Information given:
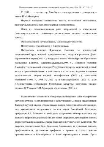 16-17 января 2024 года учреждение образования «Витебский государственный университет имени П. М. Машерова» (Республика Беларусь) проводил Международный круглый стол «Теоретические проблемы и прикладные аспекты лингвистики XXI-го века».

--

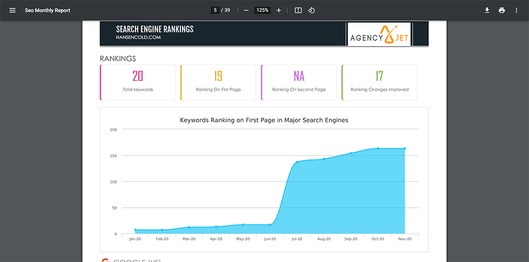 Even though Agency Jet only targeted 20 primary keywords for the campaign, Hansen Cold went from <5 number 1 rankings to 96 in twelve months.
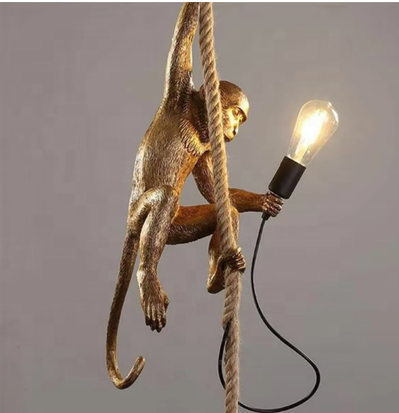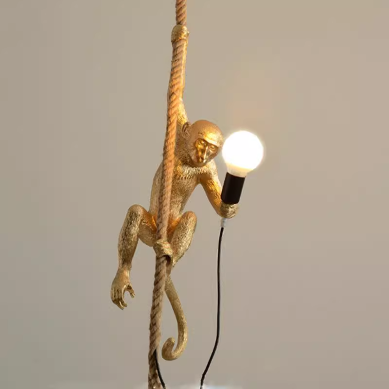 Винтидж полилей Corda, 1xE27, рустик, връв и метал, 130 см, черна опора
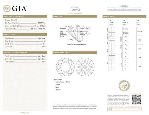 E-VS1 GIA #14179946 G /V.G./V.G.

...

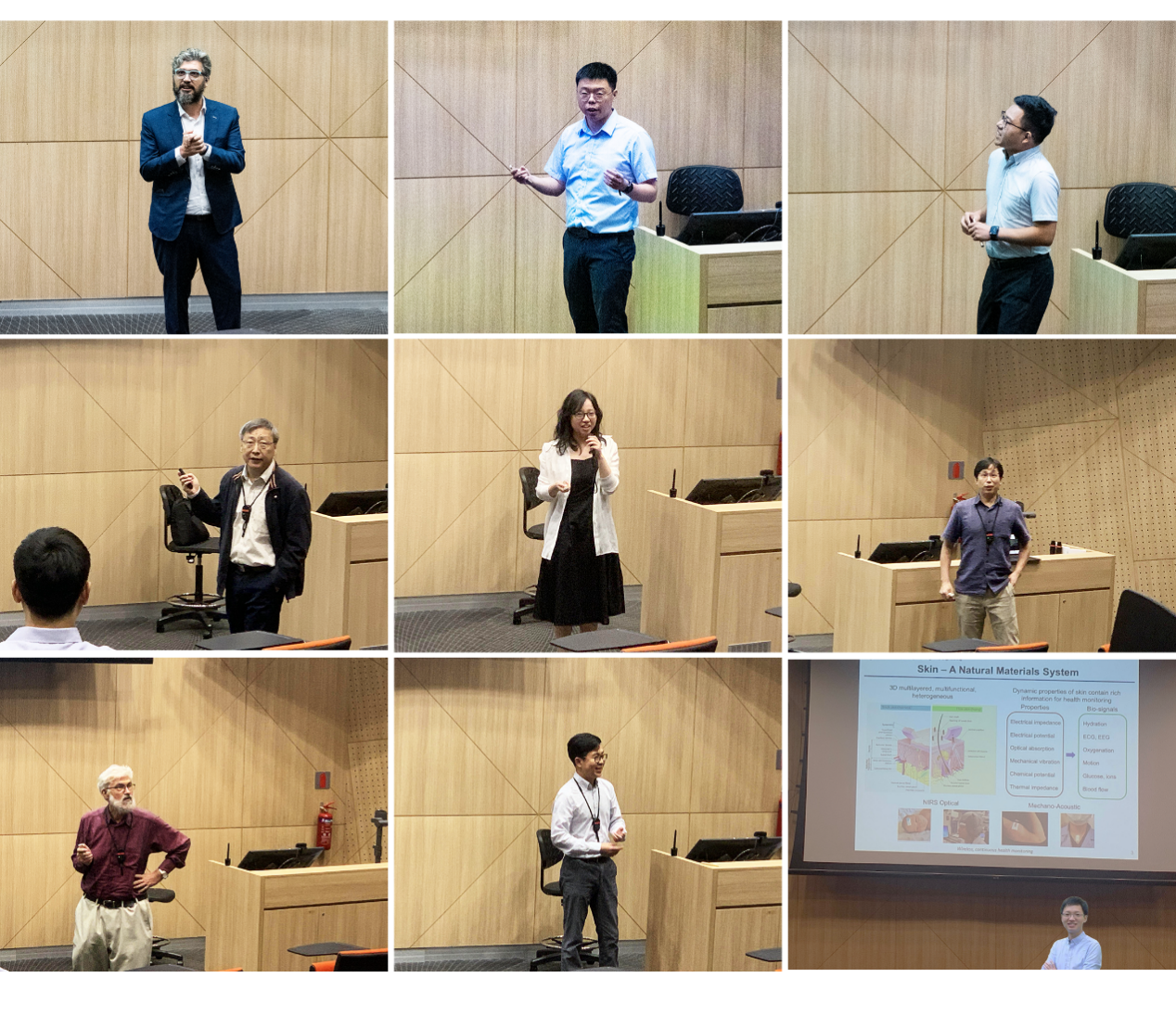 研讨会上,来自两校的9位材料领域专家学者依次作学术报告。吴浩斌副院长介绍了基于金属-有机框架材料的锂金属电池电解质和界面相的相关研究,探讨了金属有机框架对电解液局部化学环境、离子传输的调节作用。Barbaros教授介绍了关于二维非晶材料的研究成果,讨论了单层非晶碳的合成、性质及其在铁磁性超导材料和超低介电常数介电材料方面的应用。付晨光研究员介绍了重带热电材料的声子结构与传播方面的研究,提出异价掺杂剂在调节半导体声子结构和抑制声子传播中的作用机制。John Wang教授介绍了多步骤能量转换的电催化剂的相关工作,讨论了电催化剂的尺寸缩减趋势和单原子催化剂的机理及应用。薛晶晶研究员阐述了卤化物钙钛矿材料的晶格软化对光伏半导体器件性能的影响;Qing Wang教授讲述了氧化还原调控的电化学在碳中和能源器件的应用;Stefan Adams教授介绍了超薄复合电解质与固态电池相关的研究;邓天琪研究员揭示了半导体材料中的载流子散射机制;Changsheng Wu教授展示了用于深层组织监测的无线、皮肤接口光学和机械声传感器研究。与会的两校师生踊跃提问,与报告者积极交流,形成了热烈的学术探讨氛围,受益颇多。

Work request:
With pictures excluded, reproduce exactly the lines above from the one containing "Винтидж полилей Corda, 1xE27, рустик, връв" down to the one containing "E-VS1 GIA #14179946 G /V.G./V.G.", those two included.

Finished exercise:
 Винтидж полилей Corda, 1xE27, рустик, връв и метал, 130 см, черна опора
 E-VS1 GIA #14179946 G /V.G./V.G.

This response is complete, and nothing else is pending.